Experimental NMR, VCD, and ECD spectra, supported by large-scale calibrated66 DFT-D3//COSMO-RS calculations showed that there might indeed be some preference for a particular secondary structure encoded in the peptide fragments as small as tripeptides. These propensities are quite hard to decipher on a complex background given the high conformational flexibility of these small peptide fragments in solution. However, we tried to show that a careful correlation of the experimental (NMR, VCD, and ECD) and computational (DFT) data may represent a strategy to extract the secondary structure propensities. NMR and computations provide detailed local information, which can be decomposed on a per-residue basis, while VCD and ECD spectra are of a more global character. At the current technological level they do not distinguish subtle structural features of individual amino acids within the peptide chain without isotope labelling. In contrast, NMR spectra of (not isotopically labeled) peptides do not distinguish between α- and PPII helices, which is where VCD and ECD spectra provide an important insight. In addition to VCD, variable-temperature ECD experiments can also distinguish between PPII and random coil conformations (for details see the ESI). We note that PPII is assumed to be more common helical arrangement in shorter peptides, mainly those containing alanine.49,50,91,92 Also, it has already been shown that for the trialanine residue this does not depend on pH.93

Among the studied tripeptides, some were shown to prefer α-helical arrangement (e.g., DIC), while others, such as VIV and IYI, have inherent propensities for extended conformations. For EAM, the NMR data indicate that there are both extended and helical conformers present, in agreement with the CD spectra which further indicate a PPII helix rather than an α-helix. Large-scale DFT-D3//COSMO-RS conformational sampling of EAM shows almost equivalent populations of all three secondary structures (incl. PPII). There are also tripeptides with an inherent propensity for PPII, such as ALA, KAM, or EKF; however, they do not preserve this secondary structure in proteins (see Table 1). In fact, PPII conformations are quite rare for the selected triplets in proteins (see Fig. 1).

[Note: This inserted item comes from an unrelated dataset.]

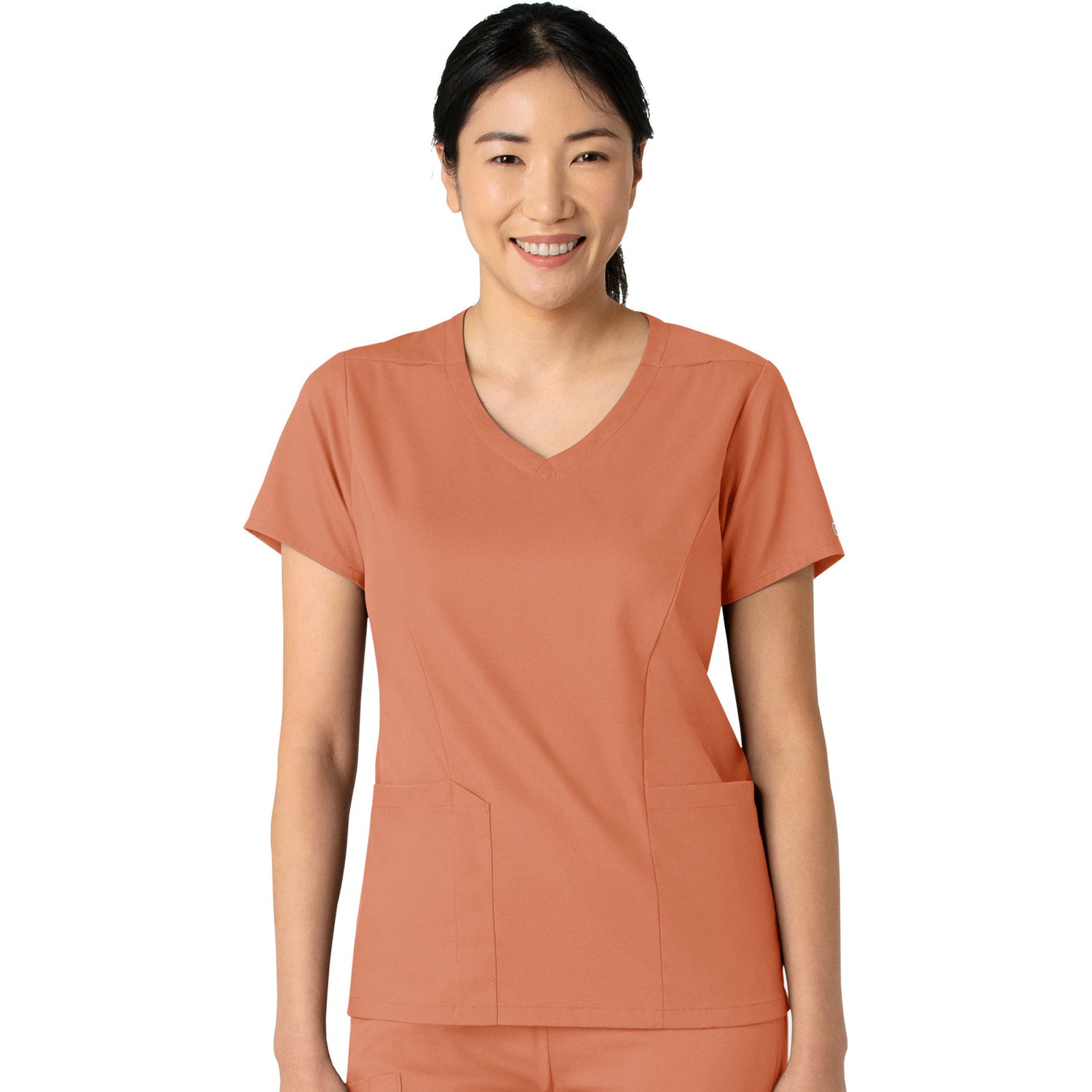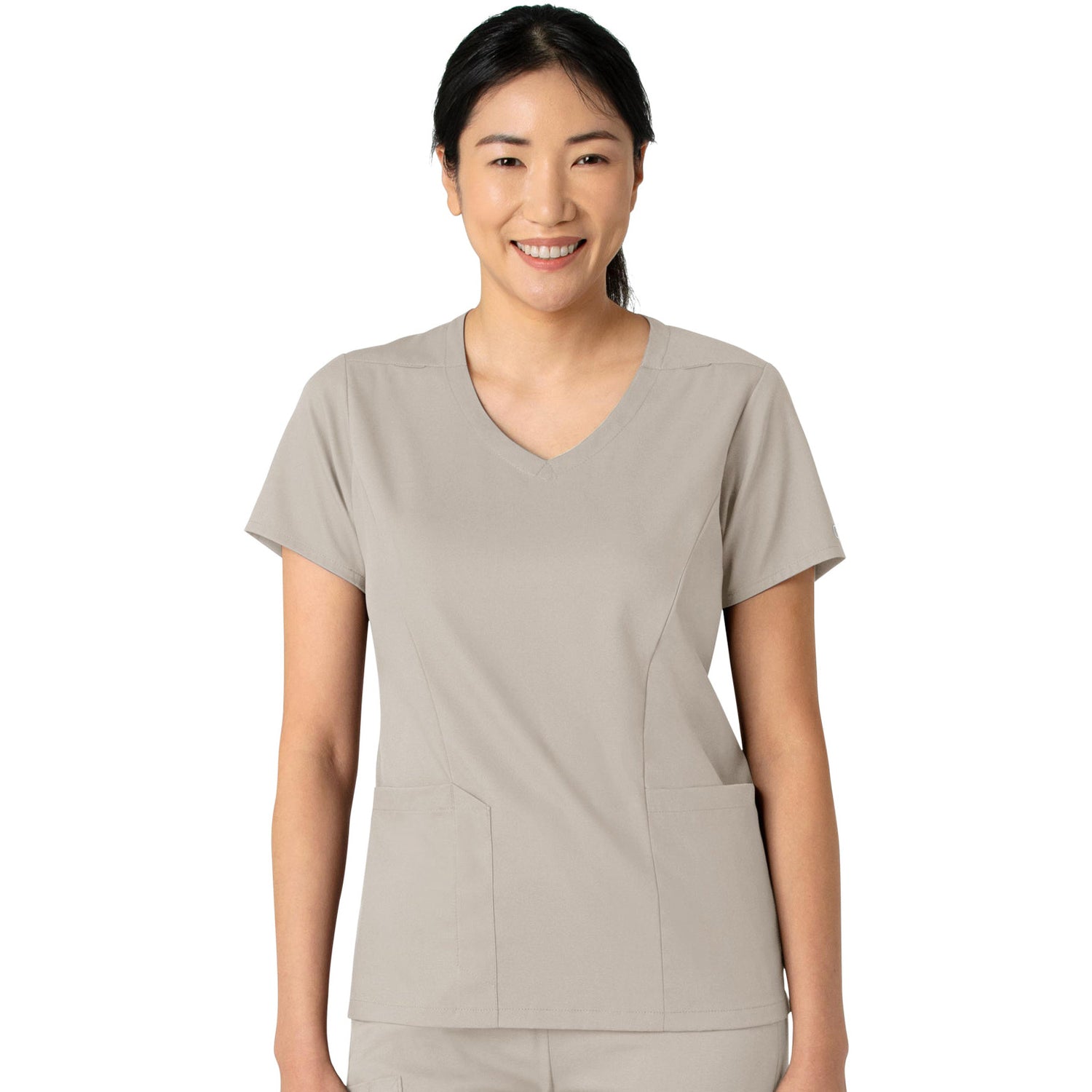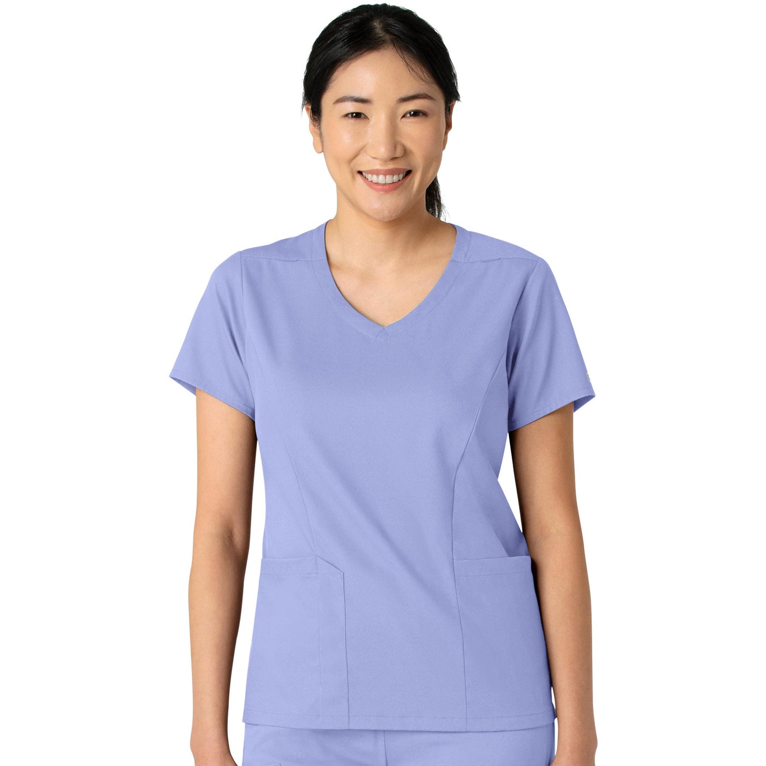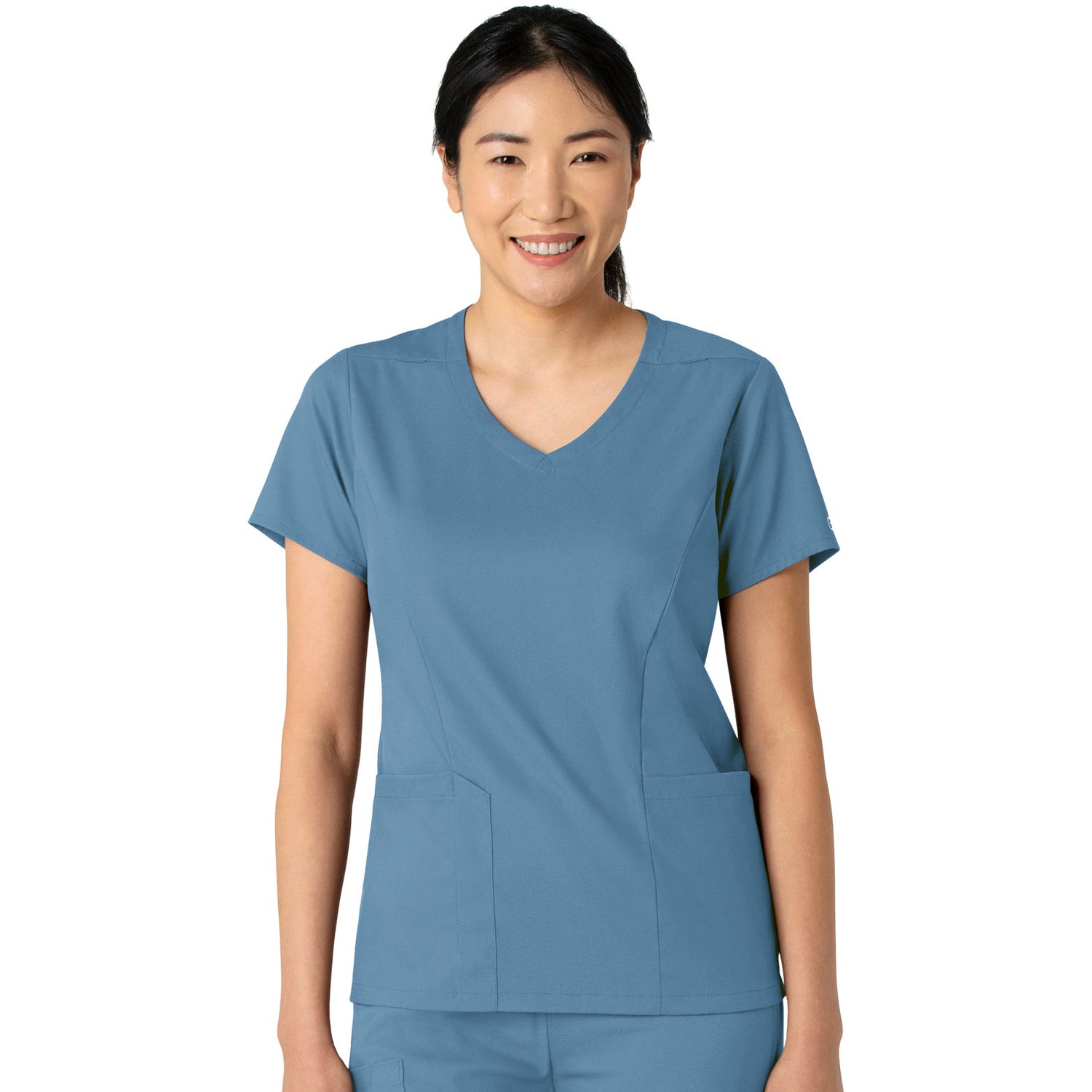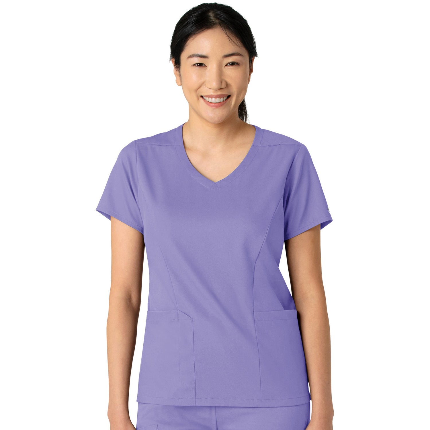 Introducing our Women's 2-Pocket V-Neck Scrub Top, the epitome of style, functionality, and sustainability. Crafted with a modern fit, this scrub top boasts a sleek V-neck design with badge loops adorning both shoulders for added utility. With three convenient pockets, including two top-loading pockets and a dedicated cellphone pocket, keeping your essentials close has never been easier. The notched pen slot on the wearer's right side ensures easy access to your writing utensils. Featuring a curved clean finished hem, this scrub top offers a polished look that's perfect for any healthcare professional. Made from a comfortable and stretchy sustainable fabric, it not only feels great but also supports eco-friendly practices. Easy to care for with machine wash cold and gentle tumble dry instructions, it's a must-have addition to your work wardrobe.

All of this illustrates that conformational behavior of protein constituents loosely correlates with their (over)populations in a particular secondary structure. This can be traced to fragments as short as tripeptides. For example, EAM and VIV (IYI) tripeptides show a sharp difference in secondary structure preference in proteins (α-helix/β-sheet, respectively). Our data consistently reproduce the preference of VIV (and IYI) for β-sheet conformation on the tripeptide level. Although EAM does not show a clear preference for α-helical conformers on the tripeptide level, it certainly has a larger tendency toward α-helical conformations than VIV. Thus, some amino acid triplets may “imprint” their accessible (preferred) conformations into the final protein folds. These are by no means “stable” secondary structures, as only some tripeptides exhibit these preferences, while the majority is rather flexible and could be viewed as a model for intrinsically disordered proteins.94 Very importantly, the calculations have shown that the equilibrium between the three (or more) conformational states of tripeptides is very subtle. Energetically, the lowest lying conformers corresponding to a particular secondary structure are typically within 1–2 kcal mol−1 (Fig. 7). At room temperature, they would correspond to populations not differing more than by one order of magnitude. These subtle equilibria can be easily overruled by strong intramolecular forces accompanying the “collapse” of the protein into the folded structures (as mentioned above, we have recently reported that strain energies within the folded protein structures can be, exceptionally, as high as 5 kcal mol−1 per amino acid residue).22 Thus, the conformers seen at experimental temperatures for the isolated tripeptides might not always be relevant for the behavior of the triplets in proteins. An example studied here is the KAM triplet/tripeptide that has a propensity for the PPII helix as an isolated tripeptide, while adopting α-helical conformation in ∼79% of its occurrence in proteins. DIC, with most α-helical propensity from all studied tripeptides has 48%/28% α-helix/extended populations in proteins.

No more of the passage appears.